ICT Investigating Allegations of War Crimes in Sudan

"ICT Investigating Allegations of War Crimes in Sudan"
Al-Fashir, in the Darfur region of northwestern Sudan, is home to more than 1.8 million residents and displaced people, and is the latest front in a war between the Sudanese army and the paramilitary Rapid Support Forces which began in April 2023. AFP/Getty Images

Claims of atrocities committed during the Darfur conflict are currently under urgent investigation by the International Criminal Court (ICC) in al-Fashir. Recent fighting between the Sudanese army and paramilitary Rapid Support Forces (RSF) has turned this city into a battlefield.

Tuesday saw the broadcast of a video statement from ICC head prosecutor Karim Khan, who reaffirmed that an investigation into possible crimes of genocide in Darfur is still underway. Concerned about the extensive claims of international crimes in al-Fashir and the surrounding territories, Khan voiced his deepest concerns. These inquiries are receiving top priority from his office, which is working to resolve the matter as quickly as possible.

Authorities have received credible information indicating that there have been attacks on people motivated by ethnicity, as well as numerous cases of rape and attacks on hospitals. Khan stressed how serious these claims are and how quickly action is required. He asked that everyone who may have video or audio evidence contact his office so that it might be used in the inquiry.
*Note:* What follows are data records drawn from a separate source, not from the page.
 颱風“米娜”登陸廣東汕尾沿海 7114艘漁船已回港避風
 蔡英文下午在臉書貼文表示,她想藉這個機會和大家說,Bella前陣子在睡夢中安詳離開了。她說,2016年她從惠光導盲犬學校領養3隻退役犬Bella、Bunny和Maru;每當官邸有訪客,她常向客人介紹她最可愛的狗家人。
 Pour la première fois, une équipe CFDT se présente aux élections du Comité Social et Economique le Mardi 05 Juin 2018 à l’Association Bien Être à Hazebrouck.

More than 1.8 million people, including locals and displaced people, call Al-Fashir, in the Darfur region of northwest Sudan, their home. Since erupting in April 2023, this region has become a flashpoint in the protracted war between the RSF and the Sudanese army.
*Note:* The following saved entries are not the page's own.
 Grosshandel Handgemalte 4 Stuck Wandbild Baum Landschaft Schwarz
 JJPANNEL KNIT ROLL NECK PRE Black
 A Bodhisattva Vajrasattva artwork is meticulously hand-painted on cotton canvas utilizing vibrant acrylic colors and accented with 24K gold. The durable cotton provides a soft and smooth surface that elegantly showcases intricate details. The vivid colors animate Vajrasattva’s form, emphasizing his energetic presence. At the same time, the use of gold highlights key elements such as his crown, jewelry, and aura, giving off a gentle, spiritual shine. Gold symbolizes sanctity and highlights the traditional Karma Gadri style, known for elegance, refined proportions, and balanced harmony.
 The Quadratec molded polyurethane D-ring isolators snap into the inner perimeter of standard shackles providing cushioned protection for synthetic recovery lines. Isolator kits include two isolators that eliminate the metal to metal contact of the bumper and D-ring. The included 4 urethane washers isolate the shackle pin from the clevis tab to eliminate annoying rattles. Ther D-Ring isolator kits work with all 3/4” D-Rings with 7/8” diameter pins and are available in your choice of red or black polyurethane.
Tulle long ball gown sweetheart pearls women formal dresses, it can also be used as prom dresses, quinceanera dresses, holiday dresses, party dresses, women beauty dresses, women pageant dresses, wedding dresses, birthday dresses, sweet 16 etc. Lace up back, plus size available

Genocide, war crimes, crimes against humanity, and even aggression can be brought to justice by the International Criminal Court (ICC). Crimes perpetrated by citizens of or within the borders of any of the 124 member nations of the International Criminal Court (ICC) are subject to its jurisdiction. As shown in the 2005 Darfur case, the ICC can also respond to referrals from the UN Security Council.

Khan, the UN prosecutor, told the UN Security Council in January that he felt government forces and the RSF in El Geneina were committing war crimes in Darfur. The ICC’s determination to investigate and prosecute international crimes, hold perpetrators accountable, and seek justice for Darfur’s victims is demonstrated by its continuing inquiry.